● **Supplied information**
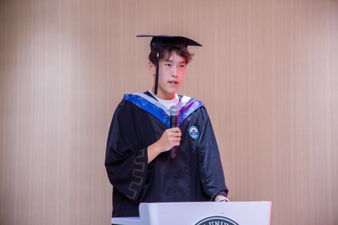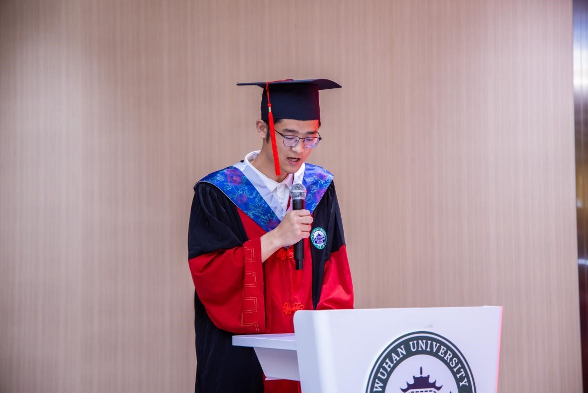 研究生代表�2025届基础数学专业博士毕业生郑超同学发言。他分享了自己在武大六年的求学与科研经历,诚挚感谢了导师的悉心指导以及同窗的并肩支持。他回顾了与导师探讨学术、与伙伴们挑灯夜读的点点滴滴,鼓励大家珍惜校园时光、勇于拥抱挑战,脚踏实地探索,并呼吁毕业生“善待不完美的自己”�
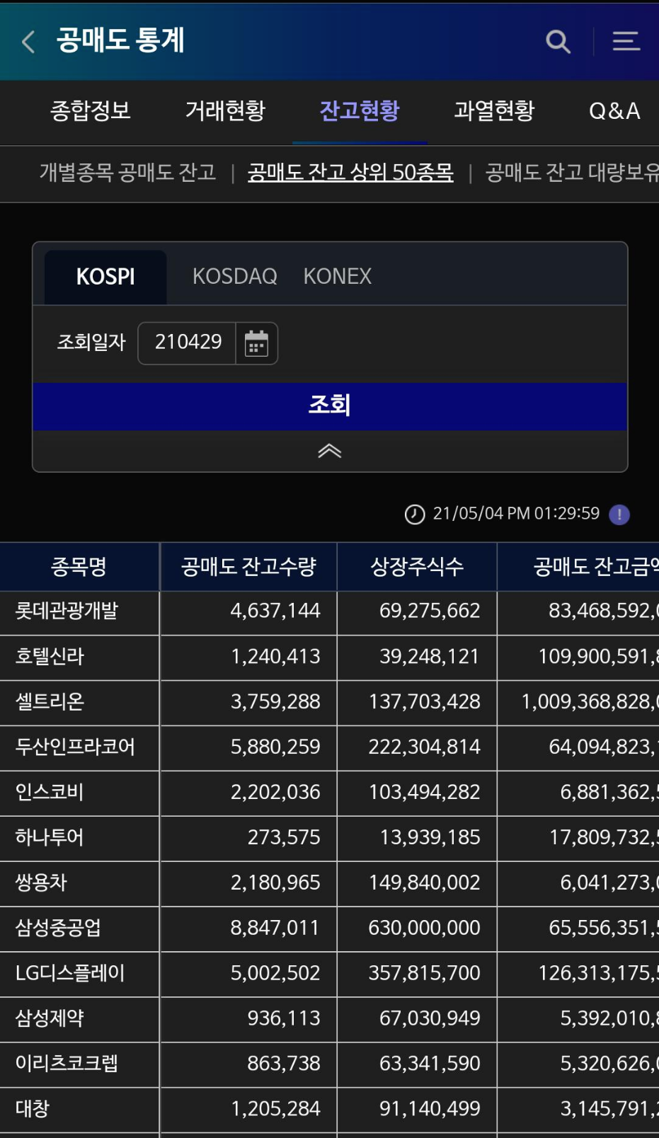 2. 개별종목 공매도잔고 또는 공매도 잔고 상위 50종목, 공매도 잔고 대량보유종목 등 원하는 메뉴선택 후 확인
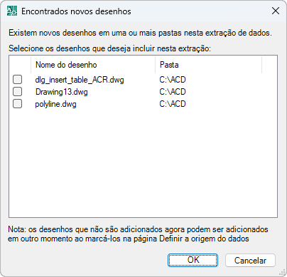 Quando novos desenhos são adicionados à pasta, a caixa de diálogo Novos desenhos encontrados exibe uma lista dos desenhos quando a extração de dados é editada. Nesse ponto, você pode selecionar os novos desenhos para adicionar à extração.
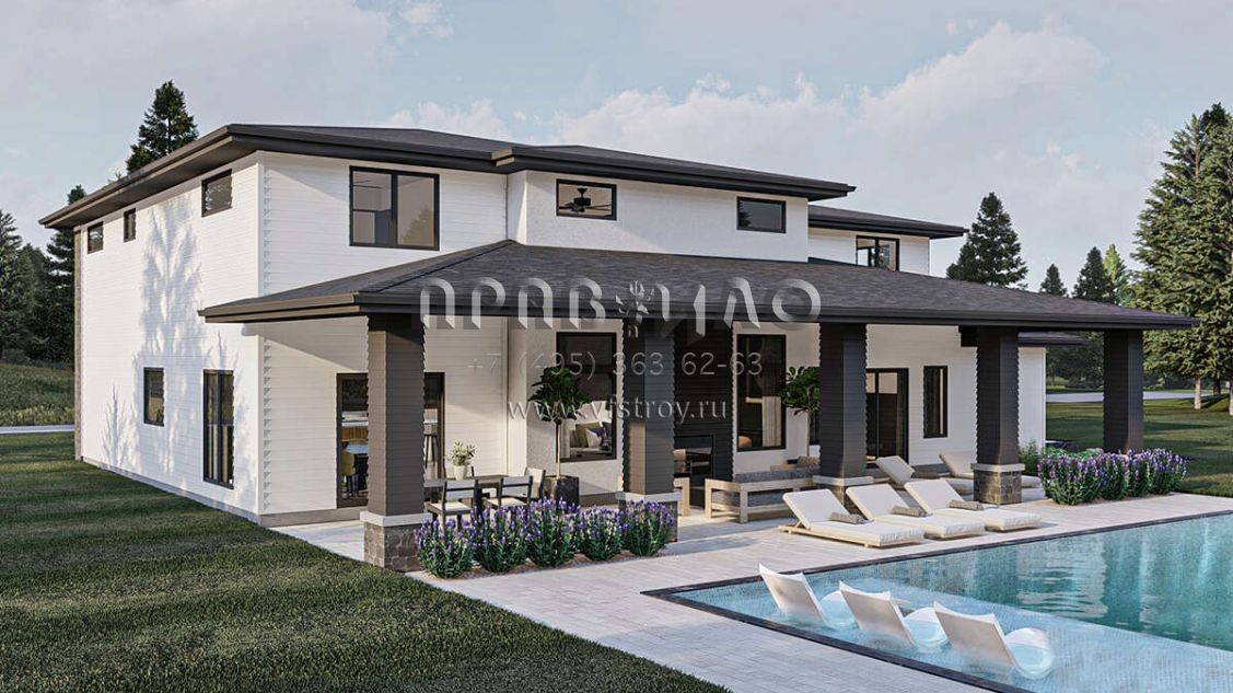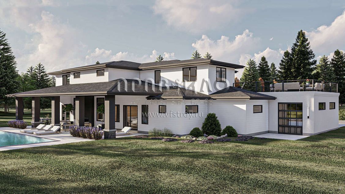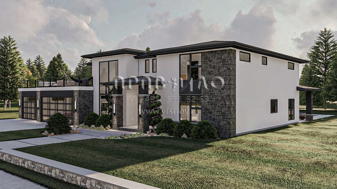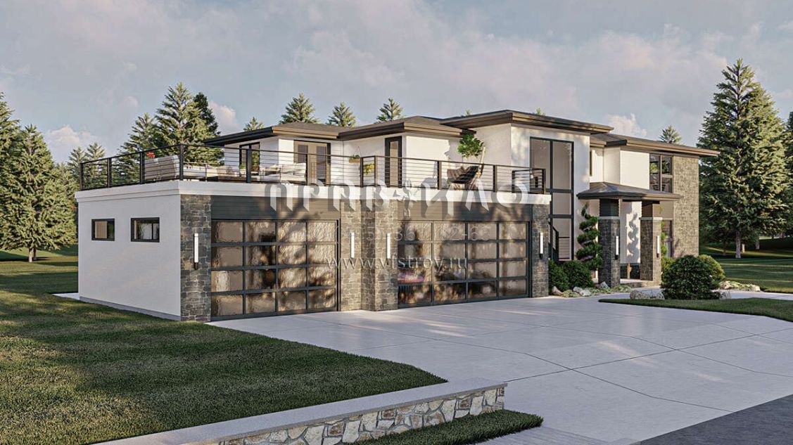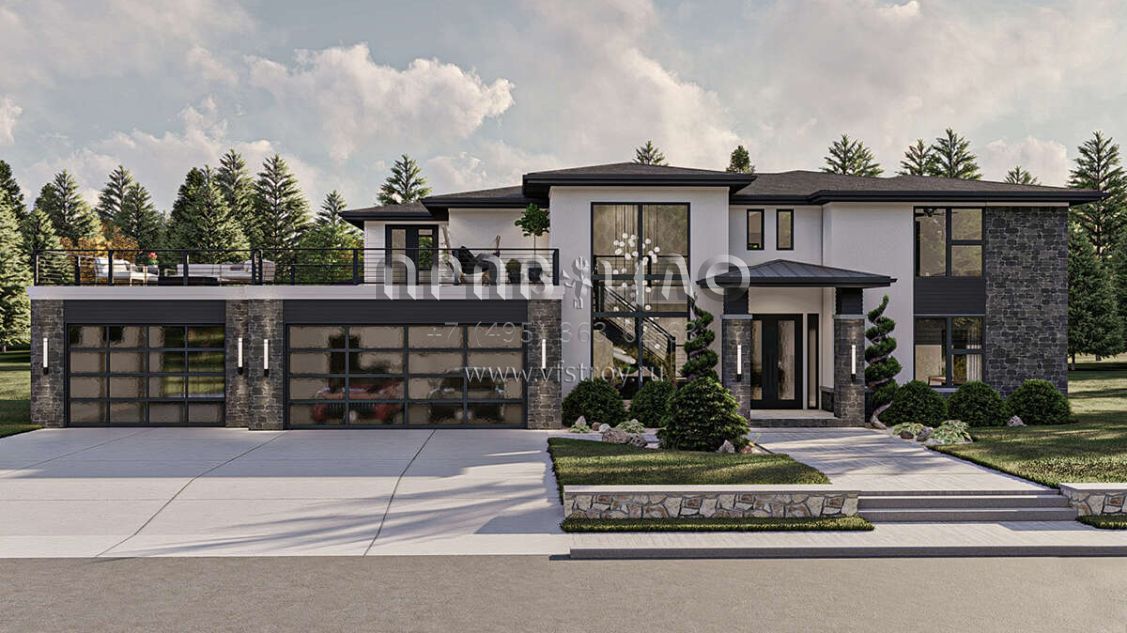 Проект двухэтажного дома с гаражом на три и более машин в современном стиле S5-364 (963-00804)

● **The task**
Repeat the listing in full and to the letter, excluding every image.

● **Output**
 研究生代表�2025届基础数学专业博士毕业生郑超同学发言。他分享了自己在武大六年的求学与科研经历,诚挚感谢了导师的悉心指导以及同窗的并肩支持。他回顾了与导师探讨学术、与伙伴们挑灯夜读的点点滴滴,鼓励大家珍惜校园时光、勇于拥抱挑战,脚踏实地探索,并呼吁毕业生“善待不完美的自己”�
 2. 개별종목 공매도잔고 또는 공매도 잔고 상위 50종목, 공매도 잔고 대량보유종목 등 원하는 메뉴선택 후 확인
 Quando novos desenhos são adicionados à pasta, a caixa de diálogo Novos desenhos encontrados exibe uma lista dos desenhos quando a extração de dados é editada. Nesse ponto, você pode selecionar os novos desenhos para adicionar à extração.
 Проект двухэтажного дома с гаражом на три и более машин в современном стиле S5-364 (963-00804)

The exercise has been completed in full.